Please copy exactly the line containing "FLOORING ITALIAN GVT COLLECTION SEMI-GLOSS" and every line after it, through the last line of the records below, leaving out all pictures.
* * *
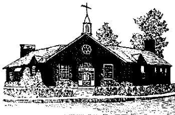
TOWN BUILDING HARRISVILLE, R.I.
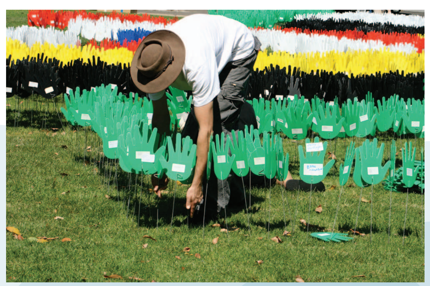
A volunteer planting the Sea of Hands in Sydney, November 2007.
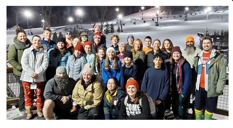
Perfect North Ski Slopes in Lawrenceburg, Indiana
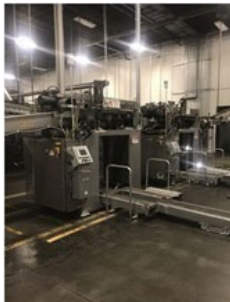
Lok Metal Detector
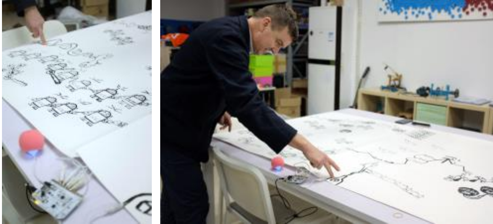
Figures 4 and 5: Final poster including the ‘touch board’ and speaker that enables the audio files to be played.

Simpson recognises the benefits of a dialogical, open-ended, ‘crafty’ approach, that perhaps can be contrasted with design workshops that aim for conclusive action and closure, rather than increased communication. As a sign of its success, Li and Simpson have repeated the workshop with a group of secondary school teachers, and it was again well received.
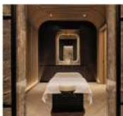
FLOORING ITALIAN GVT COLLECTION SEMI-GLOSS
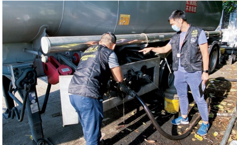
a 打擊非法燃油轉注特遣隊搗破非法油站。 The Anti-illicit Fuelling Activities Task Force cracks down an illegal fuel filling station.
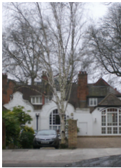
1-5 Glenilla Road
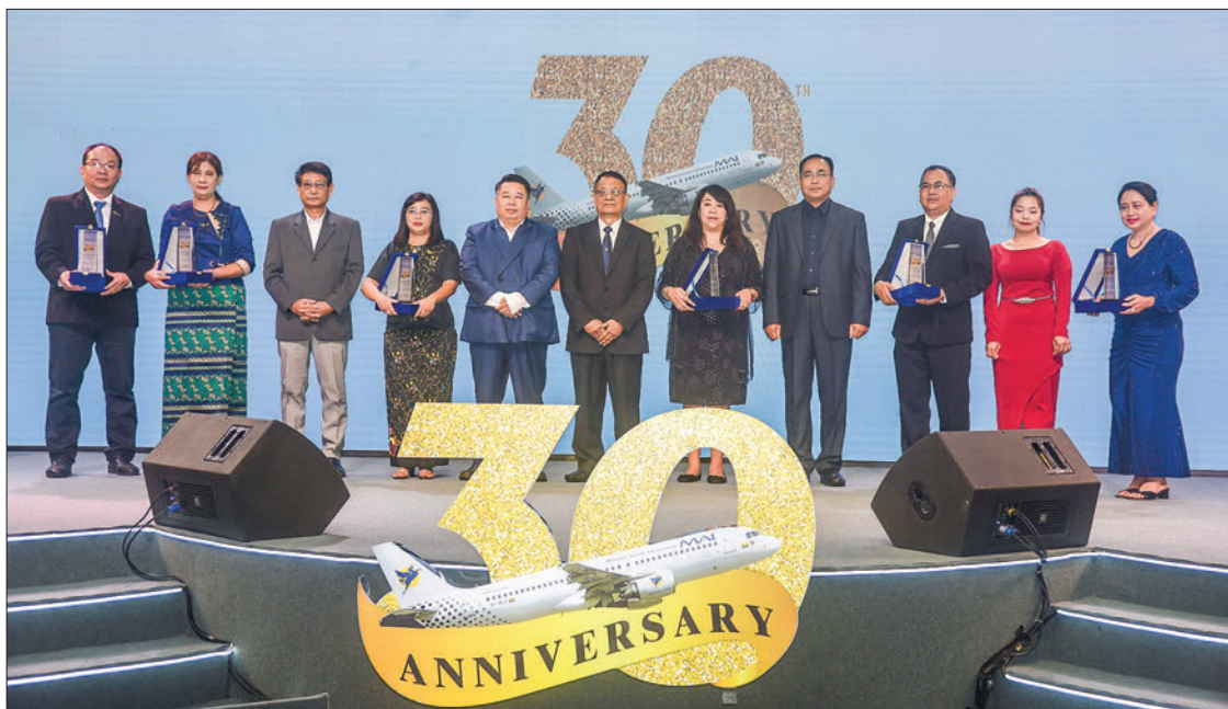
A commemorative group photograph captures the essence of the documentary celebrating MAI's 30 th anniversary, taken yesterday in Yangon.

MAI is a Myanmar national-owned private company and the safety and comfort of our passengers are the airline's priority regardless of the profits of the airline. The MAI has never suspended flights while the
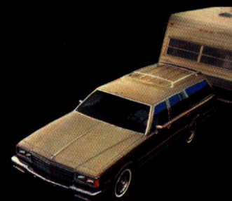
Caprice and Impala can be powerful towing vehicles.

*Availability of optional equipment varies with model and equipment ordered. Ask your dealer for details.
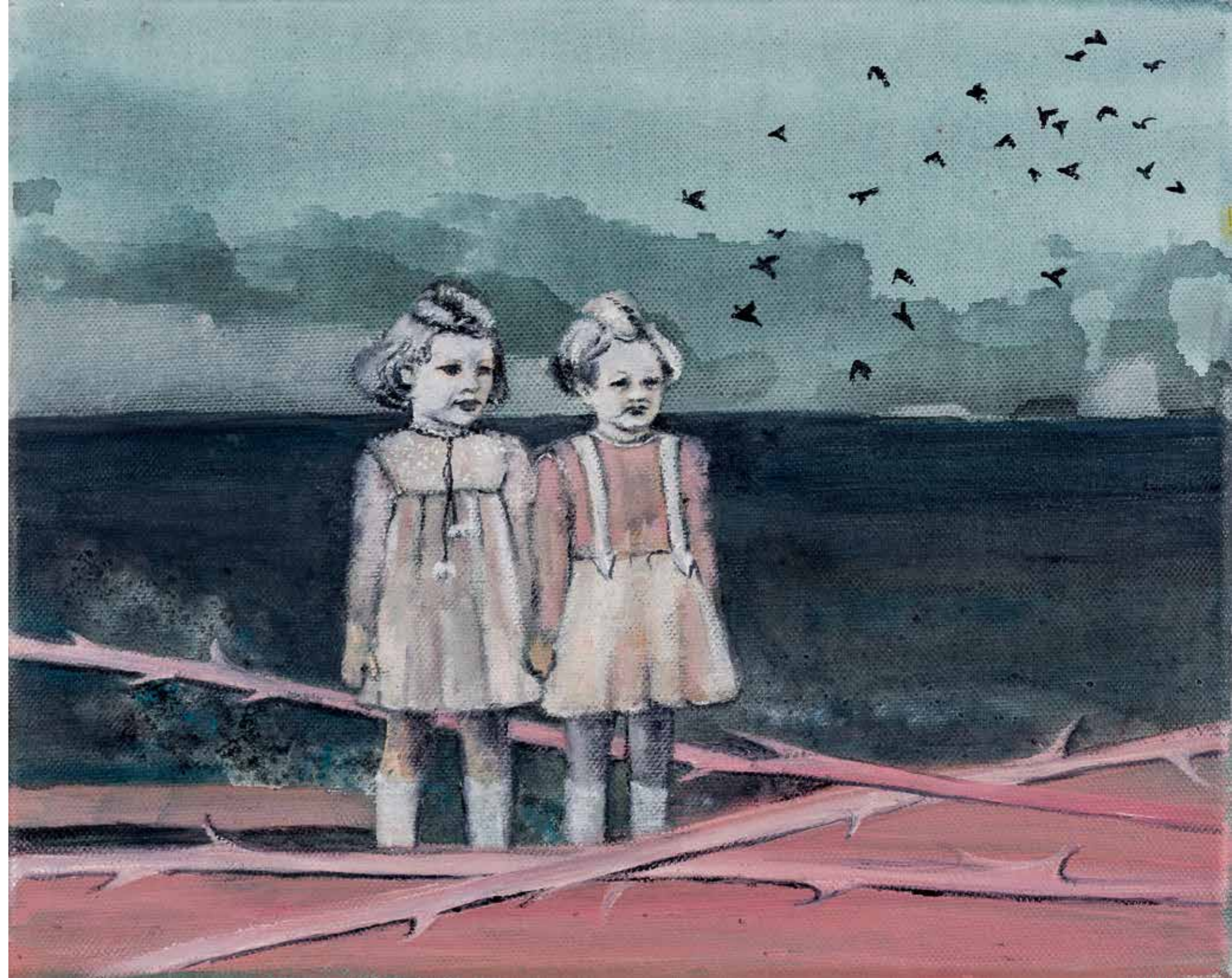
Not playing on railways - 2018 H 30 x 24 cm Ink and oil on canvas
* * *
_Output below_:
FLOORING ITALIAN GVT COLLECTION SEMI-GLOSS
a 打擊非法燃油轉注特遣隊搗破非法油站。 The Anti-illicit Fuelling Activities Task Force cracks down an illegal fuel filling station.
1-5 Glenilla Road
A commemorative group photograph captures the essence of the documentary celebrating MAI's 30 th anniversary, taken yesterday in Yangon.

MAI is a Myanmar national-owned private company and the safety and comfort of our passengers are the airline's priority regardless of the profits of the airline. The MAI has never suspended flights while the
Caprice and Impala can be powerful towing vehicles.

*Availability of optional equipment varies with model and equipment ordered. Ask your dealer for details.
Not playing on railways - 2018 H 30 x 24 cm Ink and oil on canvas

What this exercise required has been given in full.